La peur est vraiment l’arme fatale à disposition des dirigeants de la secte. Cette peur est multiforme. Elle se déclenche comme un signal d'alerte, chaque fois qu'un danger imaginaire se présente. La peur n'est par ailleurs jamais amoindrie ou dissipée. Elle doit en permanence animer l'adepte, car elle est paradoxalement nécessaire à sa survie en tant que simple exécutant. L’ironie du sort est que l'adepte se voit tranquillisé par ceux-là mêmes qui ont produit sa peur.
« Mais, rapidement s’installe la peur, entretenue par la secte, la peur du monde extérieur qui est diabolisé, mais aussi la peur d’être rejeté par le groupe s’il n’entre pas dans le moule. » Jokthan Guivarch et Daniel Glezer
L'interprétation manichéenne du monde produit la peur qui elle-même perpétue la vision dichotomique. C'est un vrai cercle vicieux qui veut que la peur soit soignée par la peur.

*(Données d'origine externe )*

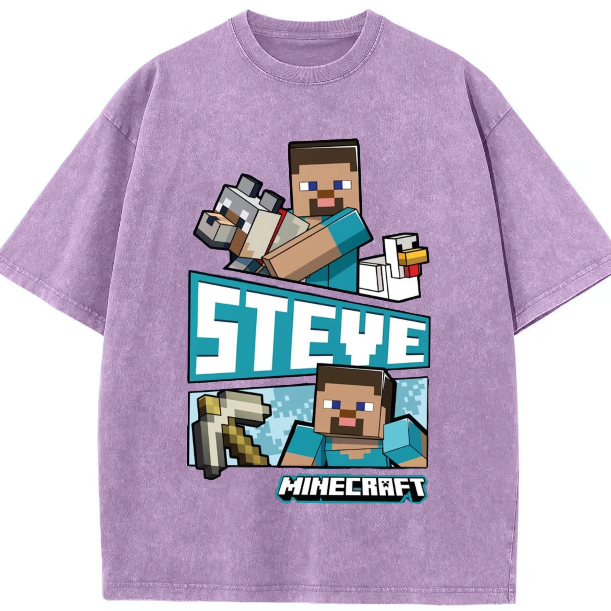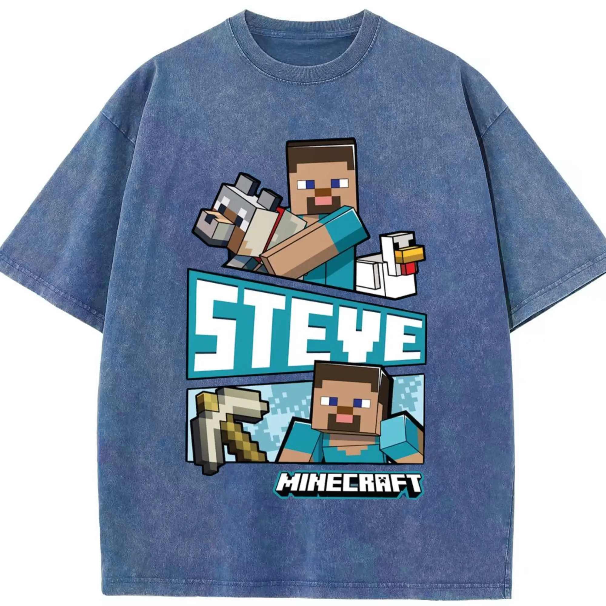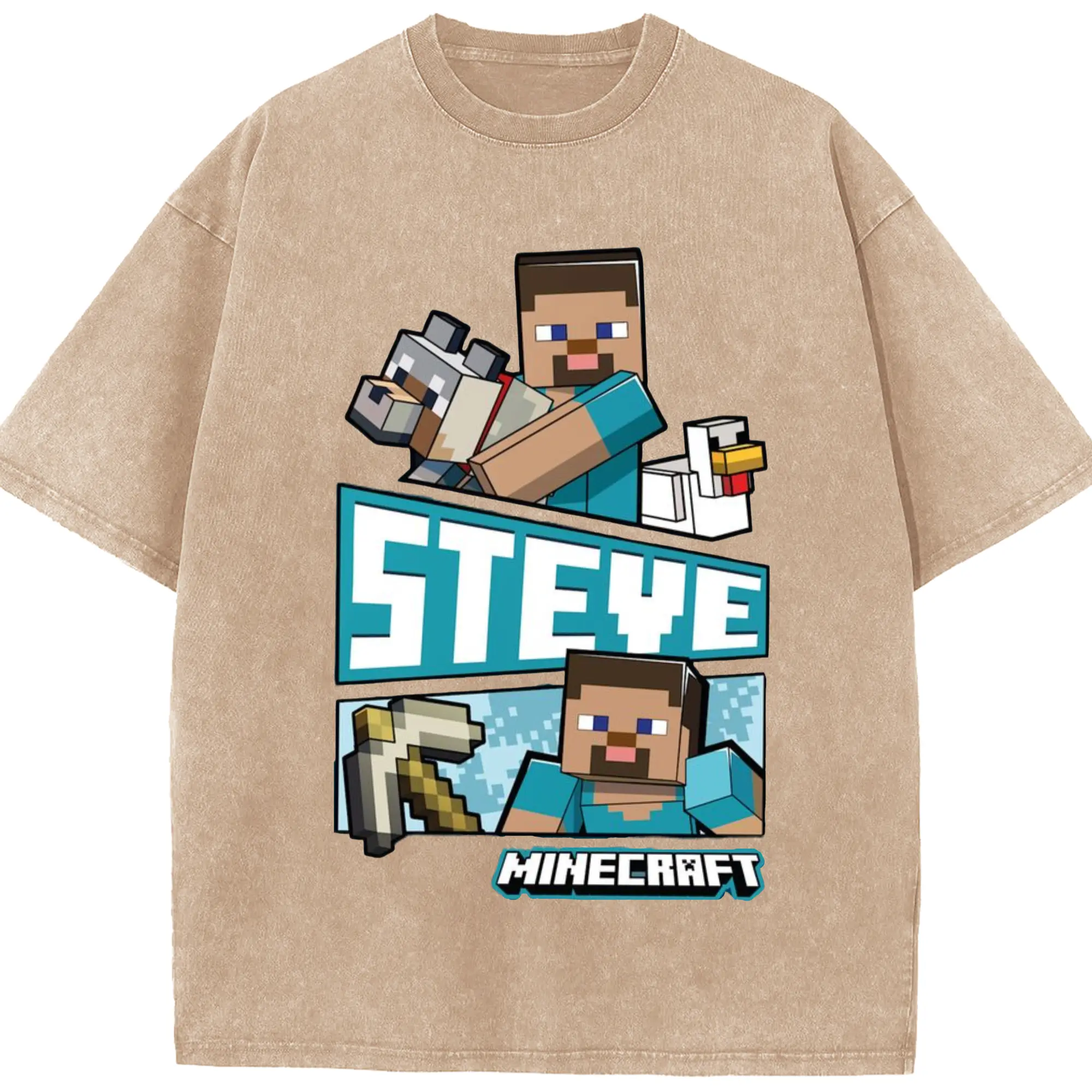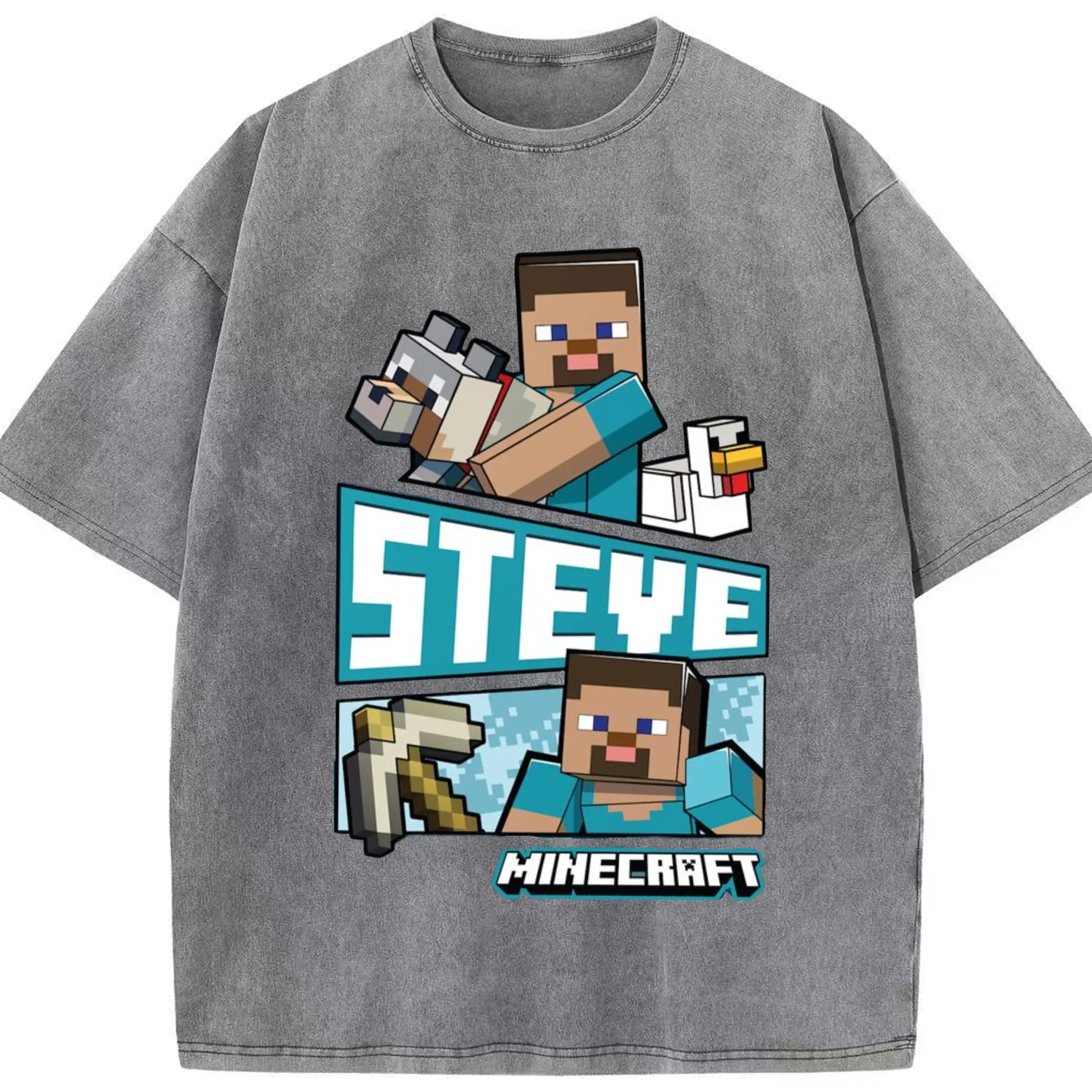 Minecraft steve collage shirt - Washed Vintage Look 230g Cotton Oversized T-Shirt With Front Heat Transfer Print – Soft, Lightweight, Stylish Fit – Comfortable Casual Wear For Sports & Everyday Use

La mauvaise gestion de la peur conduit à l'insensibilité pour ce qui est perçu comme différent, donc menaçant, et à l'isolation, au retrait au sein du groupe quand les appuis externes font défaut. Le besoin de convaincre et de faire des adeptes recrutés parmi le monde honni ne résout fondamentalement pas l'équation de la peur. Car il n'est pas possible de convertir tout le monde, ce qui éliminerait certainement la peur. L'isolation n'est par ailleurs jamais ressentie comme de la solitude, bien qu'elle soit en réalité une addition de personnes seules qui, livrées à elles-mêmes, se serrent les coudes dans un réflexe de survie. Elles se réconfortent ou se tiennent chaud mutuellement, comme des volatiles enfermés dans un poulailler. Le groupe est bien déifié pour faire reculer la peur, mais il ne fait que la perpétuer sous ses multiples formes.
L’insensibilité
« Un besoin élevé de clôture cognitive permettant d’aboutir à une interprétation unifiée du monde sans contradiction interne. » Vassilis Saroglou
L’indifférence de l'adepte pour les usages du monde extérieur est souvent interprétée comme une absence d'empathie. Cette impression se trouve renforcée dans une relation interpersonnelle où le discours de la secte ne prend pas. Dans ce cas, l'adepte se trouve renvoyé à son conflit originel. Il ne vaut en définitive que par la valeur que lui attribue le groupe. Sans la permanence de ce lien, il n'est plus rien. Par conséquent, il n’a plus aucune raison de plaire et plus aucune volonté de tisser un lien qui le conduit sur un territoire inconnu. L'insensibilité est donc le résultat d'une fermeture assumée au monde.
L'isolation
« Le groupe constitue un isolat culturel fermé aux influences extérieures et peu évolutif, ne se référant qu'à lui-même dans différents domaines (croyances, connaissances, règles de vie, mœurs, santé, éthique, rituels, vocabulaire spécifique). Cette autoréférence exclusive est importante pour la pérennité du groupe, elle entraîne la nécessité de coupures. » Michel Monroy
Le vrai partage avec l’autre se réalise à partir du moment où il est accepté comme un être indépendant, capable de générer une valeur additionnelle. Si le rapport souhaité est prédéfini, il y a tout au plus échange de services, dans un cadre établi. L’isolation du sujet est d’abord nécessaire dans la phase de domestication. Pour ce faire, il est coupé affectivement de ses parents qui généralement se préoccupent bien plus de la destinée du groupe que de celle de leurs propres enfants. La nécessité de coupures s'impose précocement dans les familles appartenant à une secte. C'est certes une façon de circonvenir la peur représentée par des intrus qui infiltrent la secte et menacent sa survie. Malheureusement, les coupures n'arrangent rien d'un point de vue social puisque l'adhérent se sent livré à lui-même une fois coupé de sa base. Il a beau s'enorgueillir de l'instruction supérieure, à ses yeux, que la secte lui a dispensée, il n'en demeure pas moins que son sentiment d'étrangeté est opprimant au milieu d'un monde différent. Si le recours à la coupure permet d'éviter l'infiltration d'une présence étrangère, sa finalité première est bien d'éradiquer la peur.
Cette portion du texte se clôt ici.